Thats what I meant. I struggled with what word to use in my previous post. Advantages is a better word than loopholes.


----------



## Spencer (Jul 6, 2005)

kiteman said:


> Maybe we just don't want to talk about them on a public forum...........


I got nothin to hide. Thats the whole point of the conversation. If I didn't want to follow the rules I would just get paid in cash and not waste my time with conversations like this.


----------



## Spencer (Jul 6, 2005)

Jaws said:


> Im an S corp. My CPA tried to get us to raise our salary again. We have 3 times. No more.
> 
> Whatever is salary under 120k is like 15%. When i take a distribution its like 30% whether my salary is 50k or 119k from my understanding.


That is weird. What you described is the exact opposite of how it is for me. When I take a distribution I save the 15% that normally goes for FICA. When I take a salary it get taxed at the income tax rate plus FICA and local stuff which comes out to around 35%. Its a big tax advantage to take distributions for me. For me raising my salary would defeat the whole purpose of having the tax advantages of an S-Corp.

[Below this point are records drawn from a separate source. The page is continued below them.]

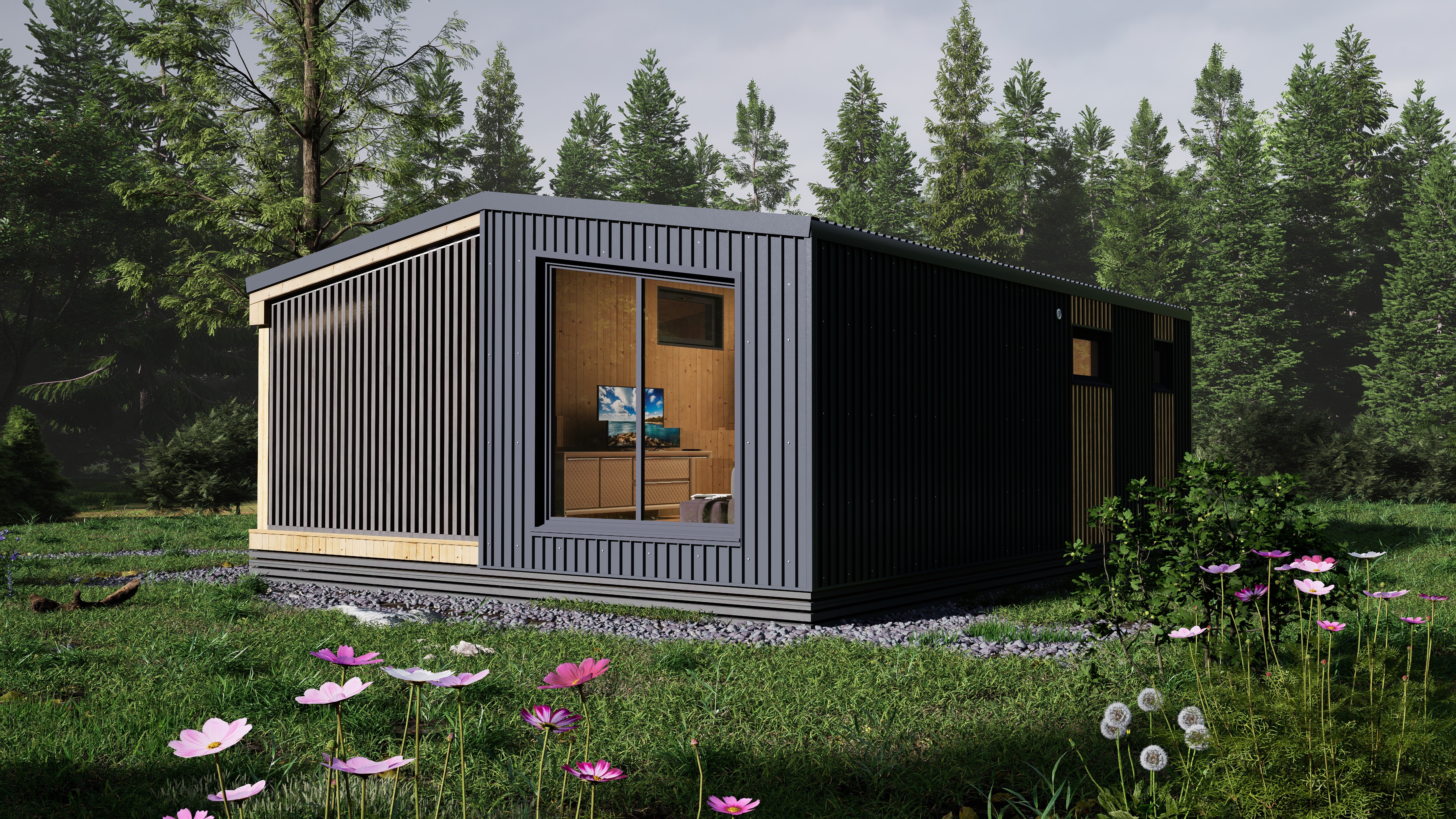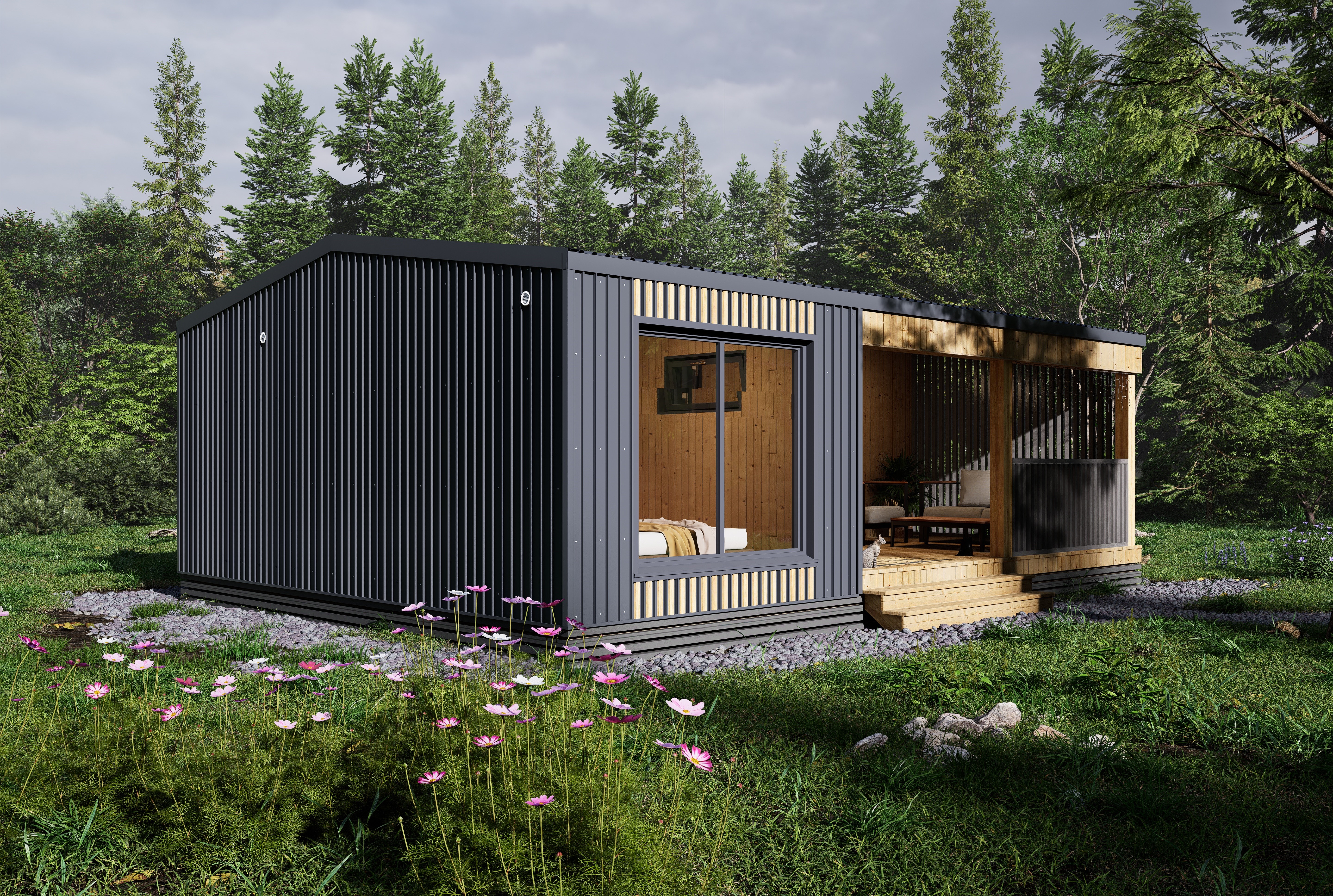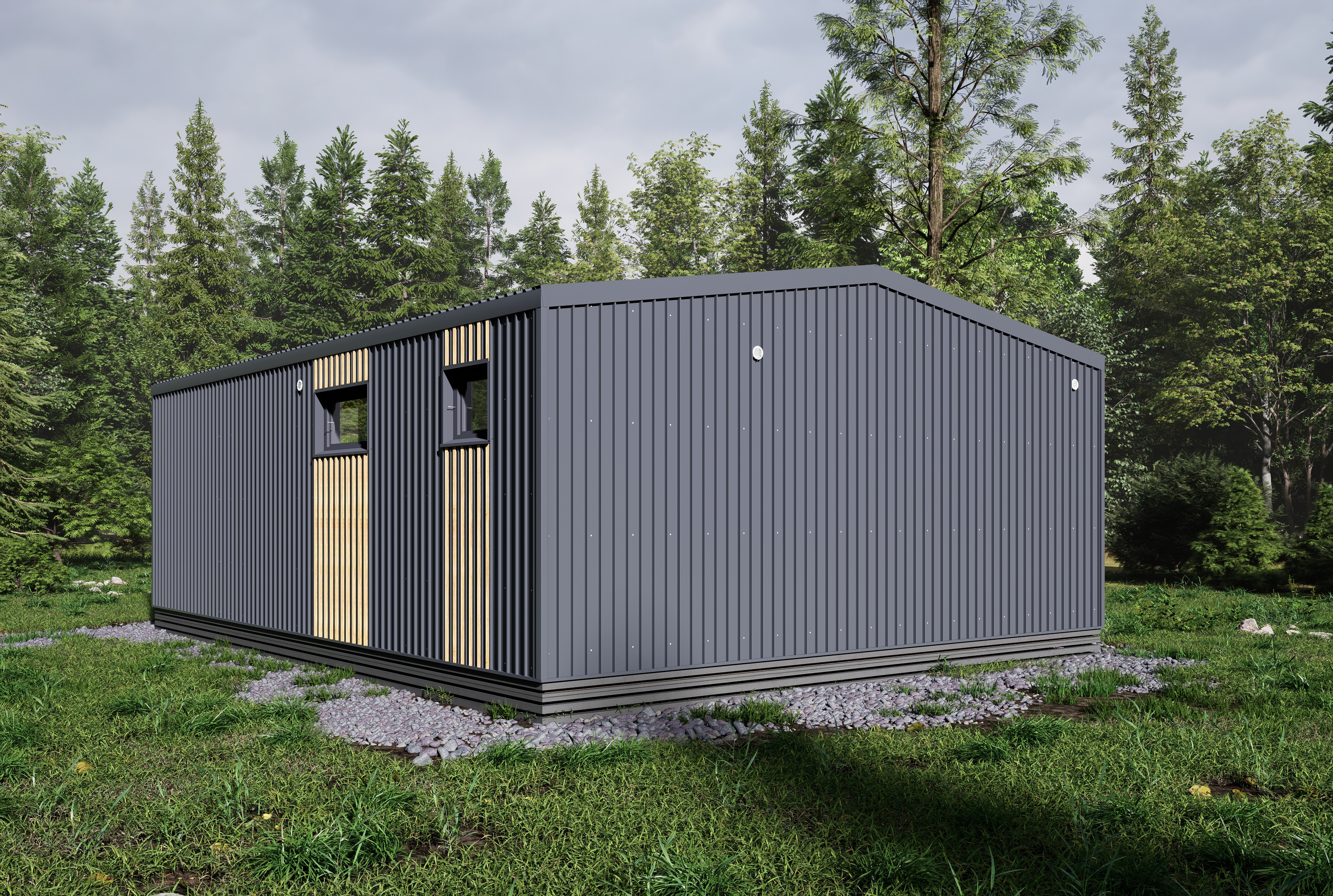 → Фасад и кровля: оконные отливы и откосы из металла 0,5 мм, планкен прямой сорт АБ с покраской (цвет на выбор), кровельный и фасадный материал кликфальц 0,5 мм.
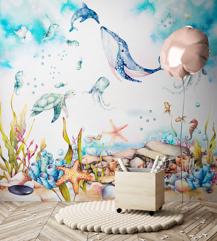 Extra große Kinderzimmertapete, selbstklebendes Wandbild für Kinder mit Unterwasserwelt, Abzieh- und Klebetapete, Akzenttapete fürs Kinderzimmer
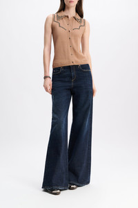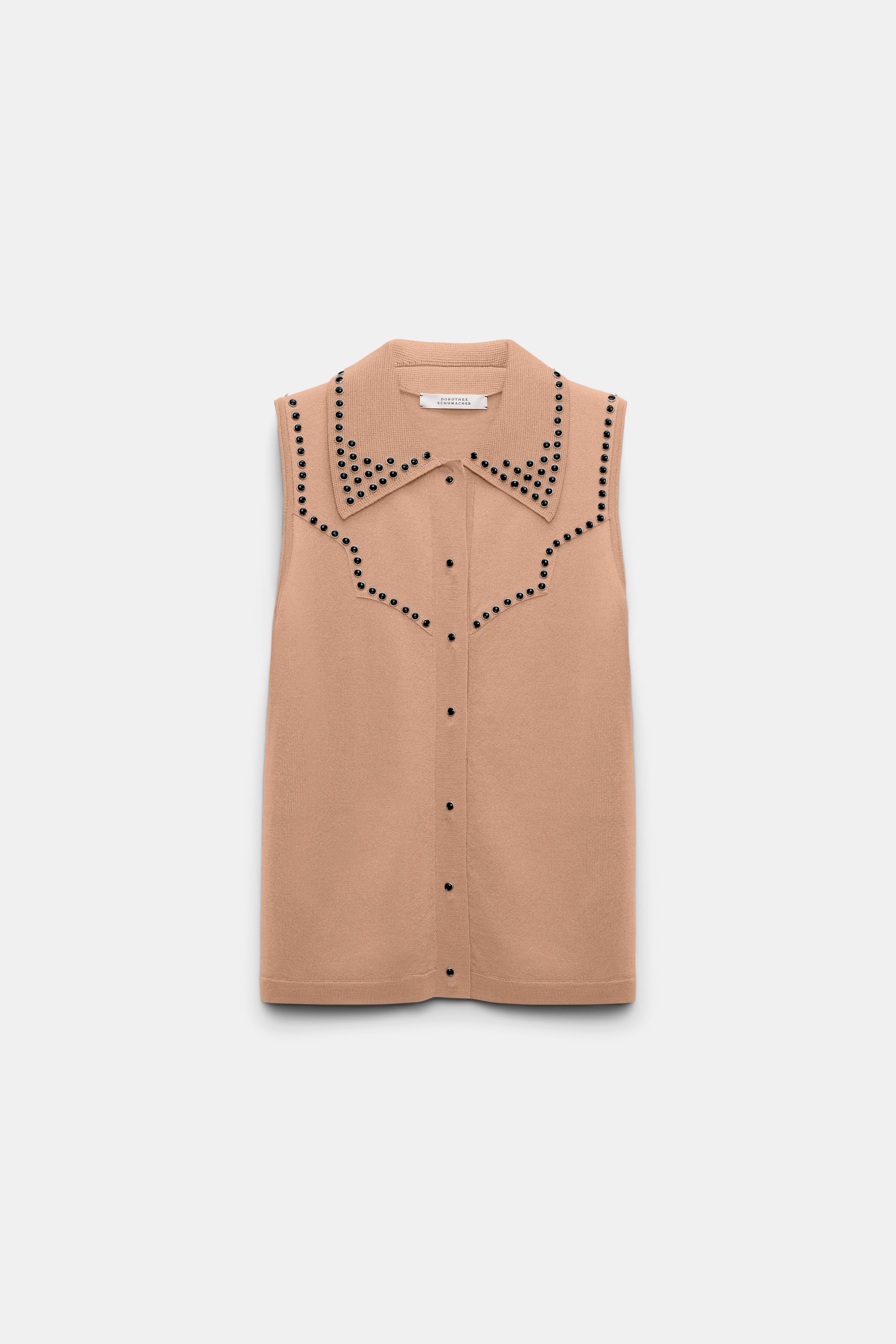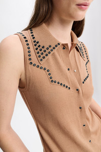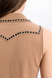 The sleeveless snap front shirt has Western-inspired stitching, which is embellished with lines of studded trim. Material & Care - 52 % Virgin Wool, 48 % Cotton - Snap front sleeveless knit shirt with polo collar - Collar, placket and Western-inspired stitching embellished with decorative rivets - WE CARE - This item is finished according to STANDARD 100 by OEKO-TEX, 22.0.98928 Hohenstein HTTI - WE CARE - Yarn content is finished according to Responsible Wool Standard (RWS) - WE CARE - Yarn content is finished according to Responsible Wool Standard (RWS) - Hand wash cold / Machine wash cold - Wash with similar colors - No dry cleaning Size & Fit - Our model is 180 cm tall and wears a size S - Fitted
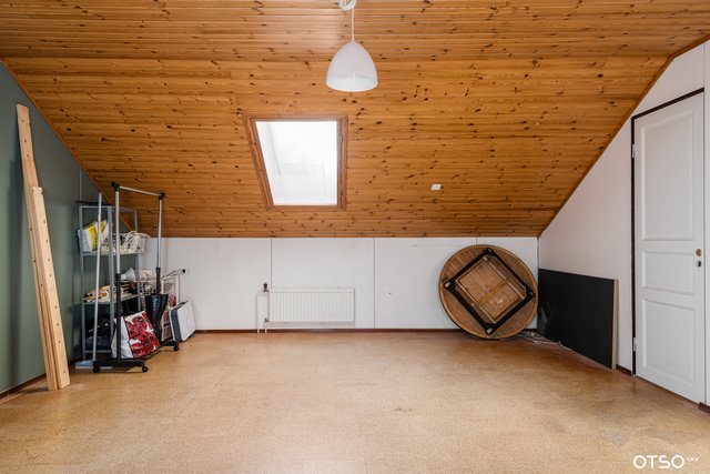 Äkillisen tilantarpeen yllättäessä talon yläkerrasta löytyy runsaasti rakentamatonta tilaa, joka tarjoaa loistavat puitteet esimerkiksi lisämakuuhuoneille, työtilalle tai harrastehuoneelle. Vain mielikuvitus on rajana!

It might be because you have politicians that make sense in Texas.


----------



## overanalyze (Dec 28, 2010)

Spencer said:


> That is weird. What you described is the exact opposite of how it is for me. When I take a distribution I save the 15% that normally goes for FICA. When I take a salary it get taxed at the income tax rate plus FICA and local stuff which comes out to around 35%. Its a big tax advantage to take distributions for me. For me raising my salary would defeat the whole purpose of having the tax advantages of an S-Corp.
> 
> It might be because you have politicians that make sense in Texas.


Yeah same here Spencer. We don't pay payroll taxes on the distribution, just the income tax. 

You just can't have more distributions than salary dollars. They say you should be getting a salary comparable to someone in your area performing similar tasks.


----------



## Spencer (Jul 6, 2005)

kiteman said:


> He should clarify that's TAXABLE income, so subtract $20,300 from gross income for a couple, no kids and the standard deduction.



Yeah. I'm about as qualified to talk about this stuff as a snowman.


----------



## TNTRenovate (Aug 19, 2010)

Warren said:


> Any discrepancy can be remedied by filing a new W4 with your employer. Ideally, you would want your tax refund to be zero.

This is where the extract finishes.